Complete 10-year follow-up was achieved in 2,114 patients (87.5%) (Figure 1). The cumulative incidence of persistent discontinuation of dual antiplatelet therapy was not significantly different between the BP-BES and DP-EES groups (15.5% vs 13.9% at 1 year, 62.2% vs 62.2% at 5 years and 80.4% vs 79.6% at 10 years; p=0.61) (Figure 2). The cumulative 10-year incidence of persistent discontinuation of aspirin and thienopyridines was also not significantly different between the BP-BES and DP-EES groups (36.8% vs 36.7%; p=0.85 and 66.4% vs 65.3%; p=0.39, respectively).
The primary safety endpoint of death or MI occurred in 385 patients (34.0%) in the BP-BES group and in 375 patients (33.1%) in the DP-EES group up to 10 years (HR 1.04, 95% CI: 0.90-1.20; p=0.58) (Table 2, Figure 3). Regarding the efficacy endpoint of TLR, the angiographic core laboratory evaluated the angiograms at the time of events in 297 out of 314 first TLR events (94.6%) and in 427 out of 456 first TVR events (93.6%). The cumulative 10-year incidence of any TLR was not significantly different between the BP-BES and DP-EES groups (15.9% vs 14.1%, HR 1.12, 95% CI: 0.90-1.40; p=0.32) (Table 2, Figure 3). With death as a competing risk for TLR, cumulative incidences were calculated. The cumulative 10-year incidence of TLR was not significantly different between the BP-BES and DP-EES groups (14.2% vs 12.8%, HR 1.11, 95% CI: 0.89-1.38; p=0.37).
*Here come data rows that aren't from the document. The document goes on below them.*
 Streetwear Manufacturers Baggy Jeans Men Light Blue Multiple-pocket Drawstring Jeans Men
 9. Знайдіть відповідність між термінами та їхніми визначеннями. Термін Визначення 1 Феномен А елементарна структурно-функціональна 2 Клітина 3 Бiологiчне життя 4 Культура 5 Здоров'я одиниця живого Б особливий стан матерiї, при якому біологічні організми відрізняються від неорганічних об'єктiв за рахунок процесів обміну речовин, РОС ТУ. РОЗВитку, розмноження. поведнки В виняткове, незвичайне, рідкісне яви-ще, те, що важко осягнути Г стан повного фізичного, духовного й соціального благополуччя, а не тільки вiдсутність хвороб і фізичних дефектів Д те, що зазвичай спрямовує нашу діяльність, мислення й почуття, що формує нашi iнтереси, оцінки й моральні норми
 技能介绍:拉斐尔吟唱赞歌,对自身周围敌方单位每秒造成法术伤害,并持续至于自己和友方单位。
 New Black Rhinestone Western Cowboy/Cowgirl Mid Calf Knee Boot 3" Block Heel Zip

The cumulative incidence of definite ST was very low and similar between the 2 groups (0.87% vs 1.03%; p=0.84). The cumulative incidences of TVR and clinically driven TLR were also not significantly different between the BP-BES and DP-EES groups (Table 2). A sensitivity analysis was conducted in 1,441 lesions treated exclusively with BP-BES and 1,448 lesions treated exclusively with DP-EES. The cumulative incidence of lesion-based TLR among lesions treated exclusively with the study stents was not different between the BP-BES and DP-EES groups (16.6% vs 15.7%; p=0.60) (Supplementary Figure 1). A patient-level sensitivity analysis was also conducted in 1,138 patients in whom all lesions were treated exclusively with BP-BES and 1,156 patients in whom all lesions were treated exclusively with DP-EES. Cumulative incidences were not significantly different between the BP-BES and DP-EES groups in terms of the primary safety and efficacy endpoints (33.5% vs 32.6%; p=0.58 and 15.8% vs 13.8%; p=0.27, respectively) (Supplementary Figure 2).
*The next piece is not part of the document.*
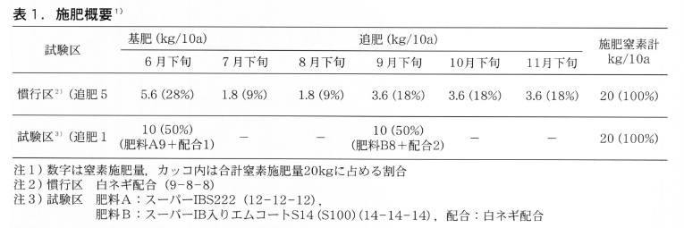 試験では水田栽培という土壌条件と作付け時期を考慮して,表1に示した2種類のIB肥料を使いましたが,畑地で栽培する場合や作付け時期が異なる場合には,肥料タイプや施用時期等について別途,肥料メーカ一等に相談したほうが良いでしょう。

Between 1 and 10 years, the cumulative incidence of death or MI was not different between the 2 groups (29.8% vs 29.5%; p=0.82) (Figure 4, Supplementary Table 1). The cumulative incidences of both definite VLST and late TLR beyond 1 year were also not significantly different between the 2 groups (0.54% vs 0.94%; p=0.30 and 11.9% vs 9.8%; p=0.14, respectively) (Figure 4, Supplementary Table 1). The cumulative incidence of TVR beyond 1 year was significantly higher in the BP-BES group than in the DP-EES group (18.0% vs 14.1%; p=0.02) (Supplementary Table 1). In the landmark analysis up to and beyond 5 years, the cumulative incidences of death or MI and TLR were also not significantly different between the 2 groups (Supplementary Figure 3).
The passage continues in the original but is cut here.